Besides such blind musicians and acupuncture and moxibustion practitioners, some of the blind established themselves as scholars and kishi (a go or shogi player). Also the blind who practiced as moneylenders were allowed to lend money with higher interest rates than normal from the Genroku era so that the blind could earn money for early promotion, which came to be recognized as a social problem in the late 18th century, because they lent money to poor gokenin (an immediate vassal of the bakufu) and bakufu hatamoto (direct retainers of the bakufu) and profiteered from them. Because of this, in the period dramas such kengyo are sometimes described as crass loan sharks.

In general, however, it should be noted that by the welfare system for the blind, the development of music and the medicine of acupuncture and moxibustion in the Edo period was advanced, including the formation and development of shamisen music, modern koto music and Chinese fiddle as well as the establishment of the acupuncture needle tube method.

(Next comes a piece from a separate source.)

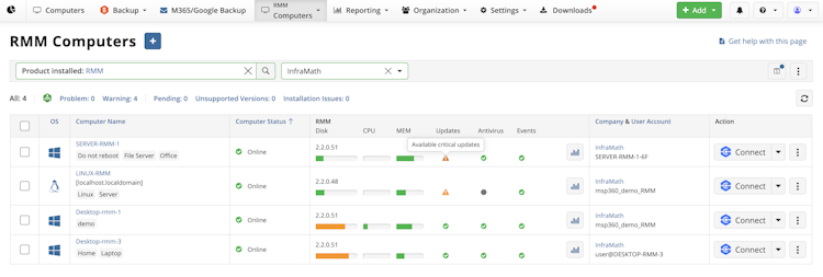 MSP360 RMM is an all-in-one remote monitoring and management solution designed for MSPs and IT teams. With unlimited endpoints, centralized management, free built-in remote access, proactive monitoring, automated issue resolution, MSP360 RMM empowers IT professionals to streamline operations, reduce downtime, and manage endpoints effortlessly – all without long-term commitments.

It was necessary to bring quite a large amount of money to todo shokuyashiki in Kyoto for the blind in order to get an official court rank (during the period when soroku yashiki was founded in Edo, the blind in Kanhasshu were given the rank there). With such a background, the story of Zatoichi (blind Ichi) is described.

Todoza was an organization where only male blind were allowed to belong, and as for female blind there was the goze (blind women) organization. In addition, there was also another group called mosoza (the organization of blind biwa players in the appearance of a Buddhist priest), and the organizations often confronted each other.

It is estimated that the number of the blind who belonged to todoza was always nearly 3,000 through Edo period. In the Tenpo era it is said that there were 68 kengyo, 67 koto, 170 zato and 360 members who belonged to the lower rank. The number of the visually-impaired estimated from the total population in Japan at that period was about 50,000. While there is a theory that only a part of the visually-impaired belonged to a mutual support group including todoza, and there is a theory that in those days almost all visually-impaired belonged to some kind of group such as todoza, mosoza and the goze organization. Therefore, the details about the number are not known.

After the collapse of the Edo period, todoza was dismantled and disappeared in 1871.

But after the Meiji Restoration, there are some instances that some private organizations used the names of mokan (blind official). Or as the honorific title to the visually-impaired who achieved exceptional performance in music and other fields, kengyo and other titles are sometimes used.